Implemented in 2015, the ICPT mechanism helps protect the industry against fluctuating fuel costs by reviewing fuel prices and generation costs every six months.

The mechanism also allows the utility company, Tenaga Nasional Bhd, to reflect changes in fuel and other generation-related costs in the electricity tariff as these costs are set based on benchmarked prices in the base tariff.

Williams said the ICPT surcharge was cut to 17 sen/kWh from 20 sen/kWh in July last year, therefore industry players have already benefited.

They are also enjoying a subsidised rate based on US$79 per tonne of coal to generate electricity when the actual price is US$110 per tonne.

“Global gas prices are similarly higher than those used to calculate the costs to industry, therefore they are benefiting quite a lot but we do not see them passing on lower costs to consumers when that happens,” he said, urging the manufacturers to be more objective on the matter.

Changes are part of subsidy rationalisation

He stressed that these changes are part of the subsidy rationalisation programme that industry players have been calling for.

They will save money, reduce the subsidy to richer people, and reduce market distortions and this is what is expected and what stakeholders want, he said, adding that the government is delivering on its promises.

“As the subsidy bill is reduced, the government has more fiscal space to help industry players more directly with tax cuts for example, or indirectly by putting more money into the hands of their customers.

“This is a win-win and industry players should support the subsidy rationalisation that they have been calling for. They can also work proactively to reduce energy consumption and switch to renewable energy or more efficient business models,” Williams said.

He also called on manufacturers to work with the government on many green economy schemes and the Green Investment Tax Allowance on green assets for example.

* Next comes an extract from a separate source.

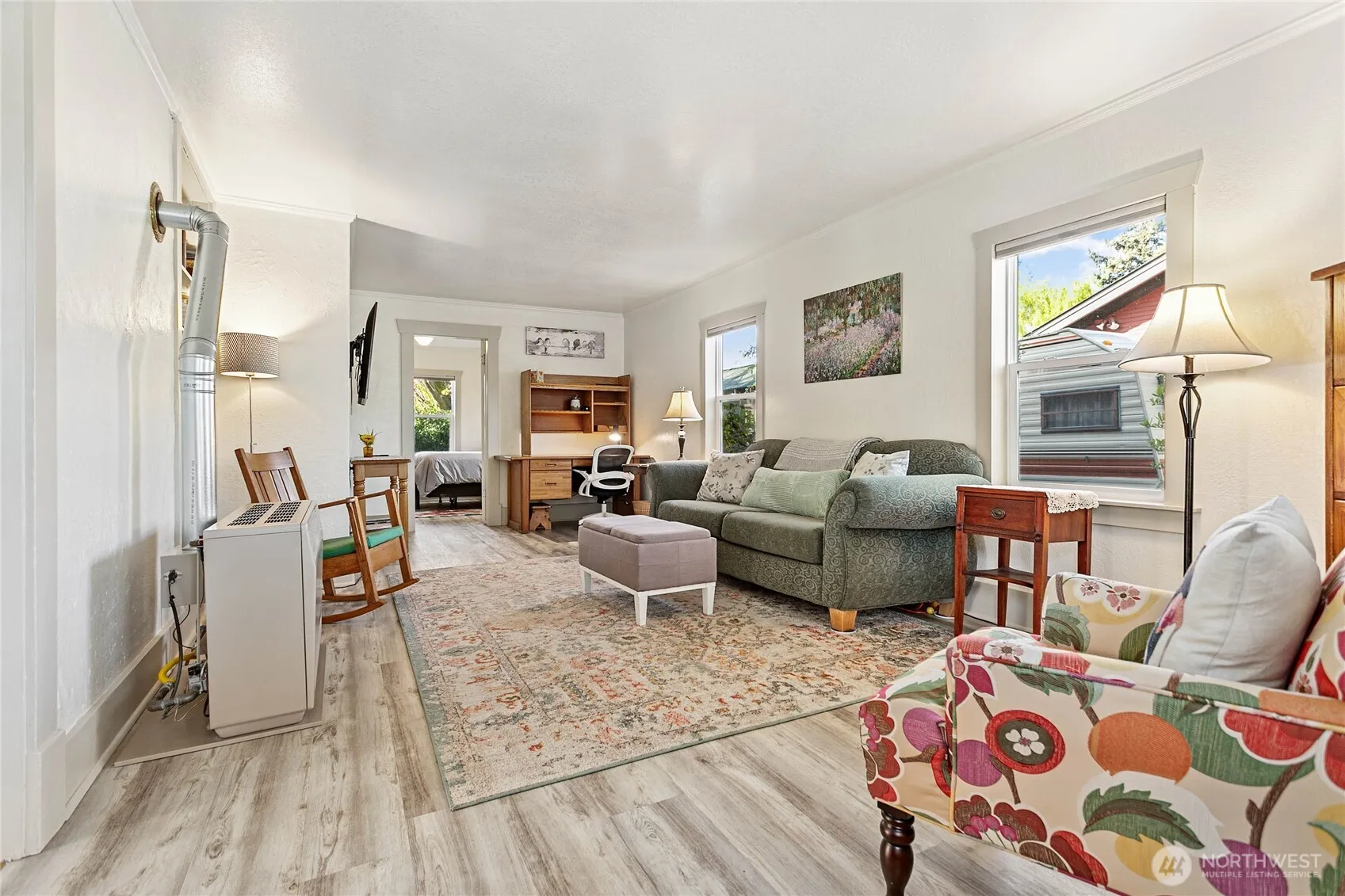 This delightful 2-bedroom Craftsman sits on a generous, level lot in the heart of the Columbia neighborhood. A welcoming covered front porch invites you into a home rich with vintage charm, featuring classic built-ins, storm windows, and a relaxing soaker tub. The bright and cozy interior offers comfortable living spaces and a sweet breakfast nook, perfect for everyday living. Outside, enjoy a large, flat, partially fenced backyard with endless possibilities, complete with a back deck that gets great morning sun to enjoy a cup of coffee, and a detached storage building. A long driveway provides ample off-street parking. Many updates have been done for you that include new roof 3 years ago, new hot water heater, new freestanding heater, new electrical panel, some new windows, plus additional work inside. A partial unfinished basement, with a separate entrance, adds valuable flexibility for storage, hobbies, or future expansion. Ideally located within walking distance of local breweries, shops, dining, parks, trails, and green space. Whether you’re seeking a cozy primary residence, investment opportunity, or a first-time home with room for sweat equity, this charming home in a prime location is not to be missed.

From July to December 2022, the government allocated RM5.4 billion for electricity subsidy. This amount rose to RM10.8 billion from January to June 2023 and RM5.2 billion from July to December 2023.

The government, on implementing its subsidy reforms, planned to give subsidy to targeted consumers only as it moves away from the inflating allocation for all subsidies which reached RM80 billion in 2022 – the highest in history.

Pro-business government

Bank Muamalat Malaysia Bhd chief economist Mohd Afzanizam Abdul Rashid said the government has always been pro-business when it comes to economic policies.

This is proven via the various incentives to promote investment namely the pioneer status, investment and reinvestment tax allowance which would essentially help companies to upgrade their production capacities.

Besides, there is also a financing programme administered by various agencies namely the SME Bank, Bank Pembangunan, BSN, et cetera, that can assist the financing needs among the micro, small and medium enterprises.

Not to mention matching grants provided by government agencies to promote certain activities such as automation.

“While the government has been forthcoming to help businesses in managing their cost and investment, prices are still high.

“This would mean businesses have not really passed the benefits that they have procured from the government incentives and instead continue to charge prices as per normal to gain better profit margins,” Mohd Afzanizam said.

Sharing an economics term, he said this is called prices sticky downward whereby prices tend to remain high even though the businesses may have been experiencing a decline in their input cost.

Citing an example on a menu cost, he said business operators are likely to keep their prices unchanged on the menu even though their input prices have gone down (subsidies and price control).

“This is given the fact that it is a costly affair for businesses to reprint a new set of menus despite market prices having gone down. More importantly, it is profitable for business to maintain their prices,” he concluded.